1602


The Book


Dear Editor,

I met Dr. Hableben during a working vacation in the Traslasierra valley, which means, literally, Beyond-the-mountains. The mountain range in question is just east of the Andes and about five hundred miles west of Buenos Aires. So much for geography. I include it in order to indicate that my encounter with him took place in a relatively remote part of the planet.

I went to the Traslasierra at the invitation of a group of families who had fled the urban chaos of Buenos Aires and wanted to start an alternative school for their children. They felt that I, as an expert of sorts in alternative education and coordinator of a teacher-training seminar in Buenos Aires, could provide some of the knowledge and impetus they would need.

During the course I gave and in various meetings with the aspiring school founders, I learned that the suggestion to found our kind of school came from "el doctor", and that he was keen to meet me. In fact he invited me, in writing, to lunch with him at his house when I was finished with the group. His letter was formal, written in a spidery hand, and in German. I don't know how he knew that I speak German and I never asked him.

He lived with his housekeeper, Mireya, an attractive young woman of obvious Indian descent, in a modest adobe house at an altitude of over five thousand feet. It took us, an Indio driver and me, three hours to reach it in a four-wheel drive pick-up mounted high over its chassis enabling us to navigate the three streams we had to cross. Dr. Hableben was tall, thin and wiry – and very old. His penetrating, wide-spread blue eyes were watery with age. We ate a vegetarian lunch under a canopy of grapevines lush with fruit, and washed it down with limpid water from the stream that rushed by a few yards from us. Mireya prepared the lunch and ate with us. She sat next to him, watching his every move and listening intently, although he spoke in German. Occasionally he absent-mindedly stroked her hand and looked at her in what I can only describe as a loving way.

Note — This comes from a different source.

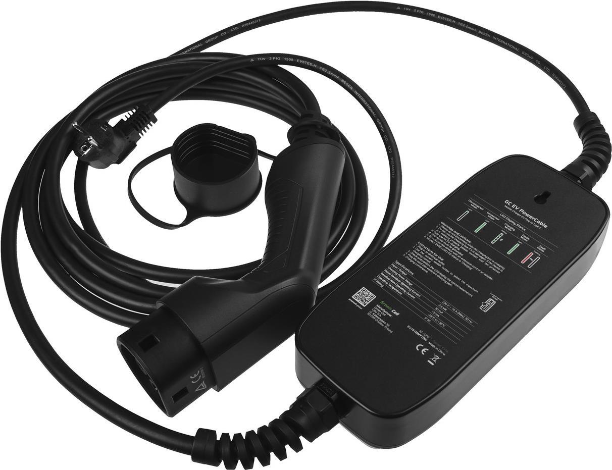 Green Cell EV16. Gehäusefarbe: Schwarz, Bildschirmtechnologie: LCD, Kabelfarbe: Schwarz. Energiequelle: AC, Internationale Schutzart (IP-Code): IP66, Fahrzeug-Anschlussstecker: Typ 2. Einpahsige Ausgangsspannung unterstützt: 230 V, Nennfrequenz: ...
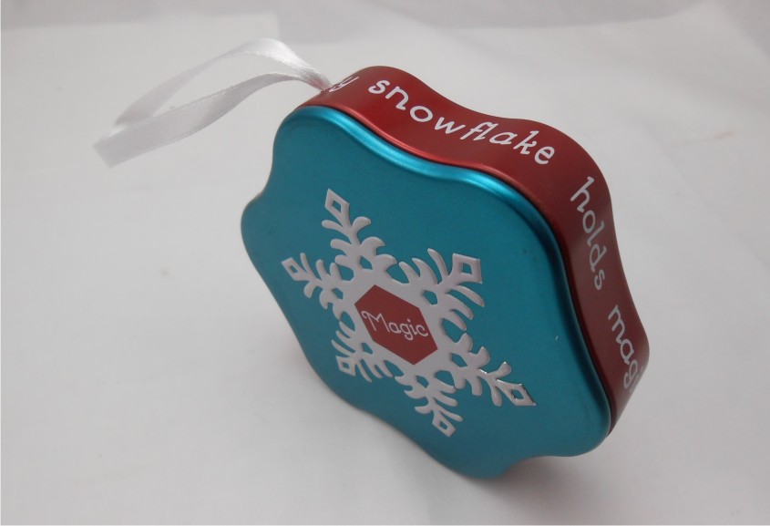 Metal box in shape of snowflake. Box close seamlessly with the elegant wave outline. Suitable for Candies and Chocolate beans, Small Pieces Products. Hanging with a ribbon loop for using as an ornament. Perfect packing for Christmas products. Food safe standard. In-house molding available for buyer. Welcome for OEM order with client's own design. Good Quality . Good Price . Fast Delivery.

I had expected that he would want to know how my course went and what I thought of the possibility of founding a school in the Traslasierra, but he never even mentioned it. Instead he spoke of the book he had been working on for years and had recently finished. He had tried to interest some publishers in Germany, but the few who answered did so with form letters – rejection slips, of which I have also had ample experience. He wanted me to translate the book into English, my native tongue, and get it published in America where, he thought, people are more open to such things. I was curious, naturally, as to what he meant by "such things".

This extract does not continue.